Raymond reddened angrily, and said something under his breath. Mentally he cursed Phineas for dragging him into an episode which neither of them could satisfactorily explain; and if he had not been afraid that panic might betray his uncle into making some admission that would lead the police to discover the truth, he would flatly have denied his statement. As it was, he took time to think out his answer, and said at last: ‘Very well, then, I did see him. I know nothing about his business with my father, however.’

‘Why did you inform me that you had not seen him, sir?’

Raymond shrugged. ‘Did I say that? I don’t remember: I probably wasn’t attending to you very closely.
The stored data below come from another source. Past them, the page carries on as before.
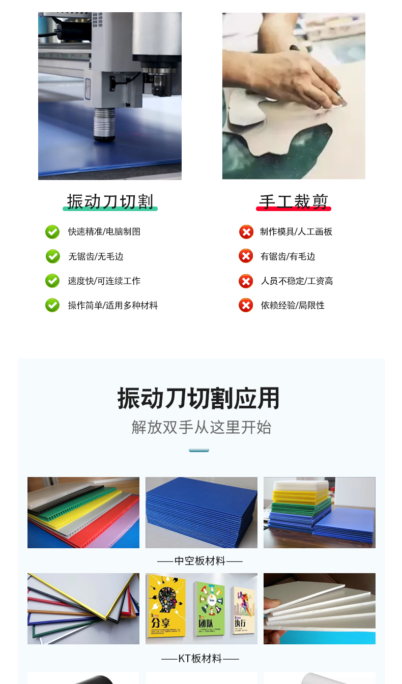 雪弗板kt板广告材料纸盒纸箱打样机振动刀切割机智能识别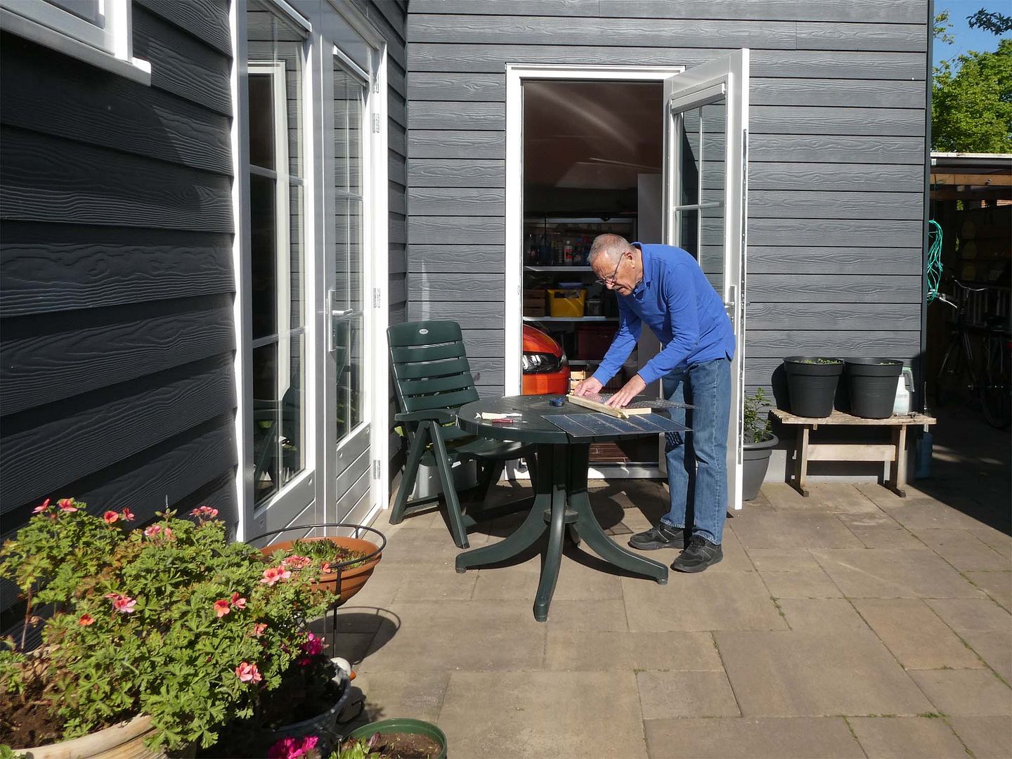 'Ampersant' veegde ik de rest van de tuin en sjouwde wat met stoelen en potten. Dat vegen was nodig want de boom heeft gebloeid en dat valt daarna allemaal naar beneden, het ligt een beetje aan de wind waar het dan terecht komt. Hierna komen ook nog pluizen geloof ik en dan in de herfst de helicoptertjes, verder geeft hij heerlijke schaduw.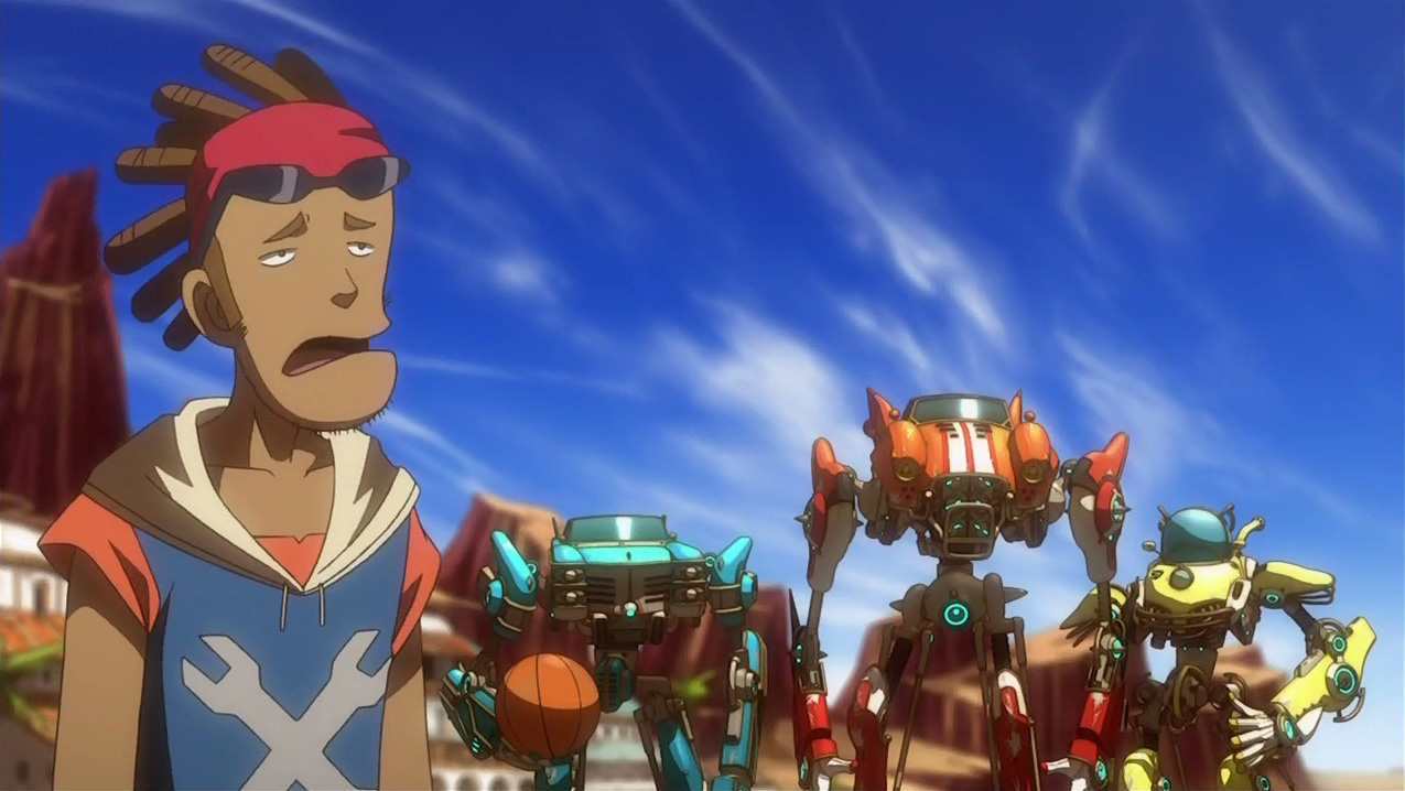 This wasn’t the most impressive episode in the world, but it was certainly better than I thought it’d be. Maybe keeping my expectations low is good for a series like this. I enjoyed the humor (Spanky is amusing as always, and those glasses-lizards were a surprise), but what got me excited was that there appeared to be hints about something deeper in the story with that voice that Flora heard and the circular design on the ground that resembles that on the moon. My wishful thinking makes me wonder if there’s some sort of unspeakable evil at play here, which would in turn mean that James and Slash won’t have to be the final boss characters. How basketball would defeat an unspeakable evil though, I don’t know. Regardless, I find all this very promising plot-wise, and hopefully they’ll continue to develop it.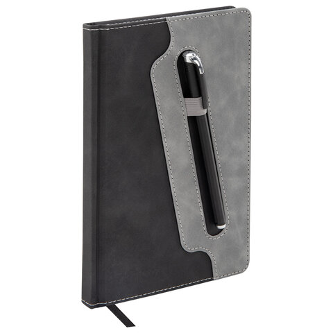 Блокнот формата А5 BRAUBERG "Assistant" с оригинальным дизайном обложки. Приятная на ощупь обложка дополнена удобным держателем для ручки.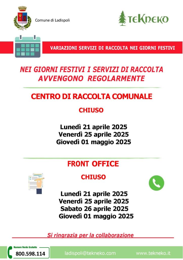 Si informa, invece, che il Centro di Raccolta Comunale resterà chiuso per l’intera giornata del 25 aprile.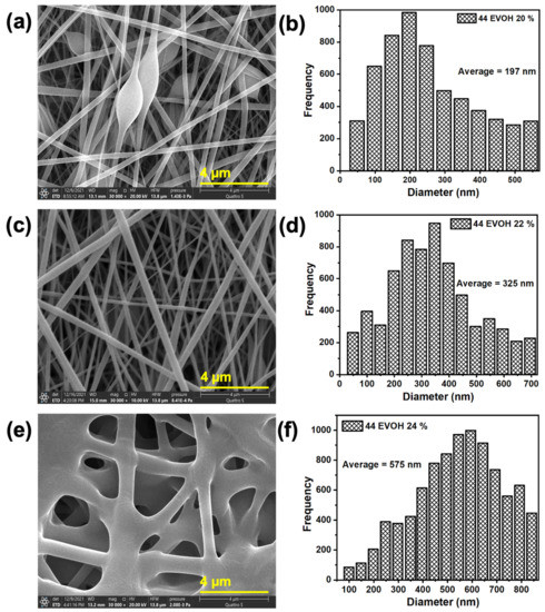 SEM images and fiber diameter of 44EVOH at different polymer concentrations: (a,b) 20 wt%, (c,d) 22 wt%, and (e,f) 24 wt%.
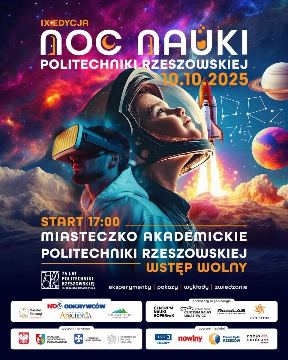 Już 10 października Politechnika Rzeszowska zaprasza wszystkich miłośników nauki na wyjątkowe wydarzenie – IX edycję Nocy Nauki. Uczelniane laboratoria, hale i korytarze zamienią się w fascynującą przestrzeń pełną doświadczeń, eksperymentów, robotów i naukowych niespodzianek.

To all intents and purposes, I didn’t see my uncle, since I know nothing of what his business may have been with my father, which is what you want to find out, isn’t it?’
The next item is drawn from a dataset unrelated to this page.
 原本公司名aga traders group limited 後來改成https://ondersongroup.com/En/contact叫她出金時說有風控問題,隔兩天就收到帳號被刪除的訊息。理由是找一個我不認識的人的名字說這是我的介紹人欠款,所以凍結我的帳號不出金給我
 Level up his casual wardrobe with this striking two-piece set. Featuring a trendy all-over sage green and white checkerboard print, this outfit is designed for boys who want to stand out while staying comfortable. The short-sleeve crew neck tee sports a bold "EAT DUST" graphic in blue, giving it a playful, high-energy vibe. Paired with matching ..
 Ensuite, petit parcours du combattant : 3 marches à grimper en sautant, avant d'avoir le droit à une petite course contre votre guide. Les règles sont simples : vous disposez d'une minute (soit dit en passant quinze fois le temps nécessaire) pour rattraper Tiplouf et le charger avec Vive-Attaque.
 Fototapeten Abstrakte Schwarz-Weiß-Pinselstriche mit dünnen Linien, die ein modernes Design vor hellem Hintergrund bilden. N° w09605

‘I can’t be satisfied with that answer, Mr Penhallow.’

‘Then perhaps you’ll be satisfied with this instead!’ Raymond retorted. ‘You’re chasing a red herring! My father’s dealings with my uncle were entirely trivial, and can have nothing whatsoever to do with this case!’
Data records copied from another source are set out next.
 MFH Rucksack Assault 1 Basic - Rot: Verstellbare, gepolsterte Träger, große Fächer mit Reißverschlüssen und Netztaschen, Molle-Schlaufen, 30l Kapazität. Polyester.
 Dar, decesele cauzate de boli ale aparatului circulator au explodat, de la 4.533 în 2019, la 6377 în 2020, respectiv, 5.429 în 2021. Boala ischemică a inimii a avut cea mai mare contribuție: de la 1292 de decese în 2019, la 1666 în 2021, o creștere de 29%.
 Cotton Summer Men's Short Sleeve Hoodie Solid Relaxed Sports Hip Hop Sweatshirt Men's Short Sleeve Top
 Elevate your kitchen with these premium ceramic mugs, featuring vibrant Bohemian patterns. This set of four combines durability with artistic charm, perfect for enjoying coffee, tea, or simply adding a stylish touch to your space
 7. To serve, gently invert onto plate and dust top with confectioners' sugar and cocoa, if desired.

As this brief interchange took place in the morning room, with the door communicating with the Yellow drawing-room, where Eugene was reclining upon a sofa, standing ajar, it was not surprising that by tea-time the news that Raymond, for reasons best known to himself, had been giving false information to the police should have spread round the family. Curiosity of the most morbid nature was immediately roused, and when a hired car presently brought both Phineas and Delia to Trevellin, it was generally felt that there was more Charmian’s theory than had at first been supposed. To Faith, it appeared so fantastic that the Otterys should be caught up in the meshes of the appalling net which she had woven that she could almost have believed herself to be struggling in the toils of a nightmare.

Ostensibly, the Otterys had come to offer their condolences to the bereaved family, but although the scared look on Delia’s face, and the horror and dismay to be detected in Phineas’s manner, might ordinarily have been considered to be the natural results of hearing of an old friend’s murder, they were taken, under existing circumstances, to denote a personal concern in the affair, as intriguing as it was incomprehensible.